Un gamin de CM2 en embête un autre, en lui disant lourdement qu’il est amoureux d’une telle. Celui qu’on embête (CM2 aussi, un gros garçon costaud, un métis) vient me voir en pleurant. J’appelle son tourmenteur, je lui dis de venir me voir pour lui remonter les bretelles.
Le voilà. C’est un garçon avec la même physionomie que le premier, répondant au prénom très original de Dy... (5 lettres - je vous laisse deviner la fin - ils ne sont que 1 850 000 de sa génération à s’appeler ainsi).
Je commence à lui demander pourquoi il a fait ça. Et alors, à ce moment...
Il me tipe.
Petite parenthèse sur la notion de "tipage" (du verbe "tiper", 1er groupe). Tiper quelqu’un, c’est faire un petit bruit de bouche discret avec sa lèvre supérieure, qui signifie grosso modo "va te faire f...", ou pour être plus correct sur l’étymologie, "va n... ta m...".
Réalisez déjà qu’un enfant peut, ici, trouver envisageable d’exprimer une chose pareille à un adulte.
(Quand j’étais gamin, pour ma part, faire une chose pareille, cela voulait dire ouvrir une faille dans le sol me précipitant directement dans les flammes de l’enfer. Cela dit, j’étais un élève très très sage.)
Tous les élèves de cette école ne le feraient pas, loin de là. Ils ne sont que quelques-uns à oser. Mais lui l’a fait.
A sa décharge, il pense que je ne connais pas la signification de ce code. Manque de pot, je la connais. Grâce à une collègue, justement, qui avait découvert l’acte de "tiper" l’année dernière pendant un stage en CE2 au Val Fourré.
Donc je commence un peu en colère, mais en restant soft dans mes actes. Je l’engueule juste : "Qu’est-ce que c’est que ce petit bruit ? Tu crois que ne sais pas ce que ça veut dire ? Je vais te dire deux mots à la fin de la récréation !"
Puis je me ravise, après avoir demandé son avis à ma collègue. Je pense que je n’ai pas été assez sévère : après un truc pareil, il faut voir les parents directement. J’hésitais car je n’ose pas trop prendre des mesures aussi franches.
Mais bon, je le fais : je le rappelle à la fin de la récré. Là déjà il s’est transformé : "oui maître", "d’accord maître". Ses copains ont dû le mettre en garde, car j’ai déjà (seulement 5 jours après la rentrée) laissé des souvenirs pénibles à une élève très insolente de ma classe, qui est dans la même bande.

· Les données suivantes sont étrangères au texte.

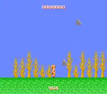 The earlier zones are generally easier in terms of difficulty, and the later zones are more difficult. Certain entrances may take the player from an easy zone directly into a harder one (with secretive warps jumping the player by a great number of zones), or vice versa. A time limit exists for each level, and the timer displayed on the lower part of the screen begins counting down from 999 all the way to 001 followed by OUT. Failing to reach the next zone during the time limit results in a loss of one life. The player also loses a life if their character touches an enemy, gets hit by an enemy attack, falls into a pit, or is caught in the explosion of their own dynamite stick. The game over screen appears once the player has no lives remaining.

Puis je l’envoie dans le bureau de la directrice.
Qui lui en remet une couche.
Elle me l’amène en classe, plus tard, alors que je suis en train de m’occuper de mes élèves. Il est en pleurs. Il doit s’excuser devant moi.
Elle a aussi écrit une tartine dans son cahier de liaison. Elle a joint le père au téléphone, qui n’avait pas l’air satisfait du tout de son enfant.
A 16h30, sachant cela, D... quitte l’école en pleurant toujours. Ses deux copines qui le voient partir, dont la petite caïd de ma classe, sont impressionnées.
Le lendemain il revient à l’école... et depuis, il montre un respect infini pour moi. Il ajoute toujours "maître" à la fin de ses phrases. Il s’écarte sur mon passage quand il me voit dans le couloir. En gros, grâce à son "tipage", nous sommes devenus les meilleurs amis du monde.